Нужно ли говорить, что Андерсен здесь ироничен до сарказма, представляя процесс прихода художника…прихода к новому методу писания картин в манере абстракционизма. Абстрактное изображение (означающее) откреплено от изображаемого предмета – Симоны (означающего). У. Андерсон очень четко это показывает: Розенталер всегда пишет с натуры, ему позируют в очень разнообразных позах, но художник мало того, что выдает абстракцию, так еще в одних и тех же цветах. Используемые им знаки больше не изображают, у них нет связи с означаемым. Да и сам Розенталер, сидя долгие годы в заключении, потерял связь со своим происхождением и предназначением.
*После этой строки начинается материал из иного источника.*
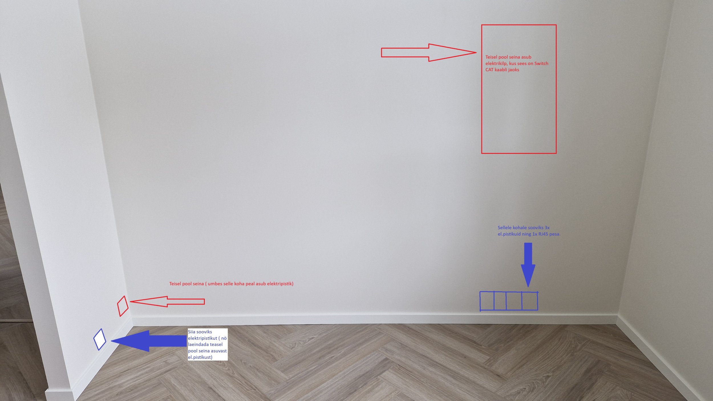 Sooviks pakkumist väikesele elektritööle. Asukoht on Raasiku alev, Raasiku vald, Harjumaa. Töö visualiseerimiseks on tehtud foto ning joonisatud peale töö sisu. Seinad on karkassil ühekordse kipsplaadiga. Joonisele on märgitud punasega elektrikilbi ja pistiku asukoht, mis asub teisel pool seina ning kust saaks vedada uue kaabli. Sinisega on märgitud enam-vähem asukohad, kuhu sooviks uusi pistikupesasid. Kokku sooviks saada 4 el.pistikut ning ühte internetipistikut (RJ45).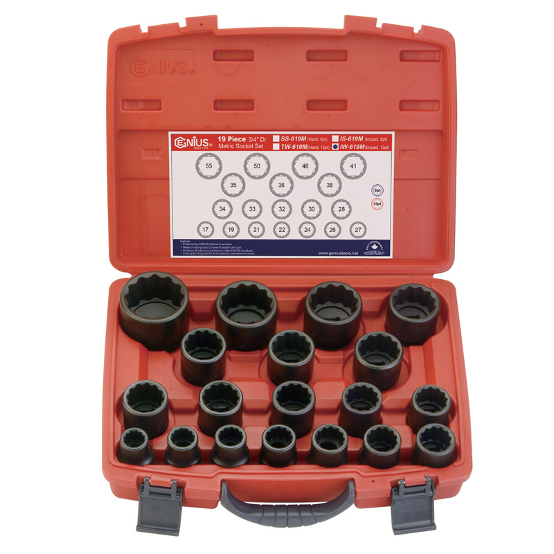 天赋工具Geniustools 3/4" 系列19件套公制气动12角套筒组IW-619M ,内含 3/4" 系列即19mm公制气动12角套筒19件,订购电话:022-83728150

Он не понимает своей конечной цели, и поэтому, написав картину, относится к ней с абсолютным безразличием: ему все равно будет ли она продана, ему все равно за сколько она будет продана (он просит за нее всего лишь 75 сигарет).
Ж. Бодрийяр говорит: вещь, теряющая свою сущность, погружается в хаос и теряется в нем.
Персонаж №3
Рассмотрим фигуру дилера (Жюльен Кадацио) — посредника, который сделает все, чтобы нажиться на продаже полотна. Арт-дилер – это то звено в системе искусства, которое больше всех заинтересовано в продаже картины. Следовательно, арт-дилер – это тот человек, который будет прикладывать больше всех усилий для создания образа художника.
Именно Кадацио запустил процесс создания симулякра о художнике-гении. У него это успешно получилось – Кадацио заменил реального человека виртуальным персонажем, у которого даже есть свои реальные фанаты. Вскоре он говорит ключевую фразу: «Мы сделали Вас легендой из-за одной малой и весьма переоцененной работы. Вас изучают в школах, вы вошли в энциклопедии, ваши последователи успели нажить и спустить состояние». На основе произвольно созданного образа строиться целый мир по примеру какого-нибудь «мира Марвел», в то время как реальный художник сидит за решеткой и под видом рисования совокупляется с тюремщицей. Розенталер и его образ, сделанный Кадацио – это два самостоятельных знака. Его коммерческий имидж — копия, открепленная от оригинала.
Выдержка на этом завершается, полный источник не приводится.